Но поистине пути Господа неисповедимы — именно теперь, когда в округе стало поспокойнее, аббатисе было послано совсем уж непредвиденное испытание: явилась эта распутная Аэлис, чьи греховные страсти давно уже смущали воображение шомонских затворниц. Все началось с прошлогодней поездки матери Беренгарии в Моранвиль, на свадьбу, куда она имела неосторожность взять с собой двух молодых послушниц. Как выяснилось значительно позже, в ходе проведенного Беренгарией дознания, одна из них, вернувшись в обитель, рассказала подружкам о том, что у невесты была до свадьбы нежная любовь с молодым оруженосцем и что оруженосца этого накануне свадьбы велели не то утопить во рву, не то замуровать в колодце, — как бы то ни было, исчез он без следа. Конечно, узнай об этом аббатиса сразу, она сумела бы пресечь разговоры, живо отучив кого следовало от греховного любопытства, но она не знала, поэтому разговоры шли всю зиму, а питаемое ими любопытство все росло и росло, к вящей радости лукавого, испытывающего, как известно, особо изощренное удовольствие от внушения грешных мыслей Христовым невестам. На беду, обитель издавна поддерживала тесную хозяйственную связь с Моранвильским феодом, в частности получала с тамошних коптилен рыбу, через ездивших в Моранвиль монастырских работниц и наладилась передача разного рода слухов и сведений. Замурованный в колодце любовник был уже оплакан половиной монахинь, как вдруг вместе с возом карпов, доставленных к Великому посту, пришло известие, что мученик жив-здоров и обретается в Париже; тут-то все и раскрылось, ибо настоятельница не могла не заметить странного оживления среди сестер, которые стали теперь шушукаться и перешептываться даже во время служб. Обычно не поощрявшая в обители слежку и наушничество, Беренгария вынуждена была поручить одной из своих келейниц разузнать, в чем дело; и та разузнала такое, что аббатисе пришлось отворять кровь.

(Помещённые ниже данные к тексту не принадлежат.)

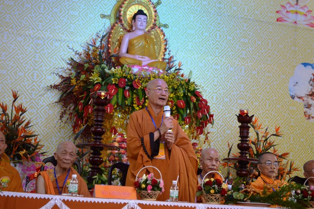 Ông Nguyễn Hữu Dinh- Phó Trưởng Ban Tôn giáo Khánh Hòa phát biểu chúc mừng đại lễ Vu Lan- Tự tứ, chúc Chư Tôn thiền đức Tăng Ni GHPGVN tỉnh Khánh Hòa và Giáo đoàn III có them một tuổi hạ, góp phần trưởng dưỡng đạo tâm, trang nghiêm giáo hội. Ban đạo từ HT.Thích Ngộ Tánh tán thán chư Tôn thiền đức Tăng Ni và Phật tử Giáo đoàn III đã tổ chức Đại lễ Vu Lan – tự tứ long trọng, trang nghiêm, tán thán tinh thần tu học của hàng xuất gia sau 3 tháng an cư, trau dồi giới định tuệ để thành tựu đạo nghiệp giải thoát, và khích lệ phật tử đã câu hội tham dự đại lễ Tự tứ Tăng – Vu lan báo hiếu. Đồng thời cám ơn các cấp chính quyền đã giúp đở tạo điều kiện cho tổ đình Nam Trung, Tịnh xá Ngọc Tòng tổ chức ngày Đại lễ thành tựu viên mãn.

Все виновные в распространении соблазна понесли наказание, но содеянного было уже не исправить, соблазн угнездился в душах, тем более что последняя новость, полученная из Моранвиля, до того как аббатиса пресекла все связи с замком, касалась приезда Робера в отсутствие как мужа грешницы, так и ее отца. Узнав об этом, Беренгария решила, что сама отправится к старому дураку, своему кузену, и раскроет ему глаза на непристойное поведение дочери. Но не успела — Гийом вместе с Тибо оказались едва ли не первыми жертвами смуты.

И вот теперь грешница сама явилась в обитель. Как женщина, аббатиса не могла ей не посочувствовать, но не могла в то же время и не подумать, что лучше бы племянница избрала себе для покаяния другое место — подальше от Шомона. Как будто мало того, что на протяжении всей зимы послушницы и монахини помоложе спорили, кто же в конце концов был отцом ребенка, которого недоносила дочь сьёра де Моранвиль, а весной заключали пари — отважится ли дерзкий оруженосец посетить даму своего сердца…

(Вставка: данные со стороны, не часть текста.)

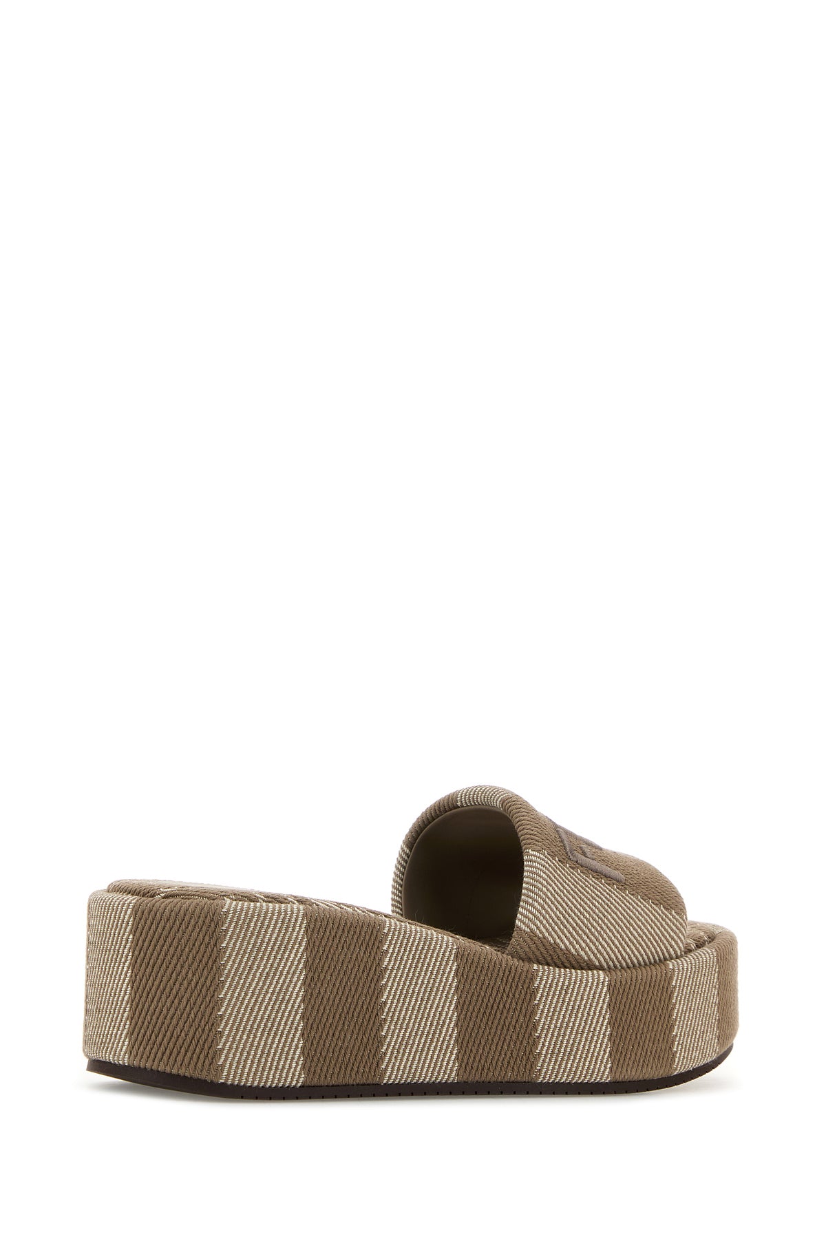 Slippers realizzate in tela caratterizzate da ricamo a righe su tutta la superficie e logo ricamato sul collo del piede.

Да и насколько искренне это покаяние? Мать Беренгария была женщина трезвого и уравновешенного ума, и любая чрезмерная экзальтация вызывала в ней недоверие; во всяком случае, такого рода чувства она считала непостоянными и непрочными. А что, если племяннице не удастся изгнать беса и он снова возьмет верх? Опасность для обители была слишком велика, чтобы отнестись к этому без должной осмотрительности.

Моранвильский нотарий, который предупредил аббатису о приезде Аэлис, вкратце рассказал о случившемся в замке, поэтому первые несколько дней она вообще не виделась с племянницей, решив дать ей время успокоиться и прийти в себя. Лишь через неделю пригласила к себе.

Аэлис пришла в подпоясанном веревкой рубище, босиком, под закрывающим лицо черным покрывалом. Мать Беренгария неодобрительно поджала губы — покаяние покаянием, но не слишком ли все это? Веревка особенно ей не понравилась.

— Рада тебя видеть, хотя и в таких печальных обстоятельствах, — сказала аббатиса. — Где похоронили отца?

— В Клермоне, — отозвалась Аэлис едва слышно. — Отец Эсташ, жалкий трус, побоялся везти его домой.

— Не осуждай священнослужителя, это грех. В то время мужики бесчинствовали по всем дорогам, везти тело и впрямь было опасно. Сними-ка покрывало…

— Мадам, вы меня не узнаете. — Аэлис, помедлив, откинула покрывало.

Беренгария помолчала, перебирая четки.

— Конечно, ты… повзрослела за этот год, — проговорила она наконец. — Но чтобы не узнать — вздор, не так уж ты изменилась…

Прозвучали ее слова неискренне, аббатиса и сама это понимала. Изменилась Аэлис страшно, какое там повзрослела — она погасла, выгорела; действительно, трудно было узнать ту лучезарно сиявшую невесту, на чьей свадьбе она еще так недавно присутствовала.

— Надолго к нам? — осторожно осведомилась настоятельница.

— Надеюсь, навсегда.

«Бог этого не захочет», — со страхом подумала мать Беренгария и еще быстрее защелкала четками.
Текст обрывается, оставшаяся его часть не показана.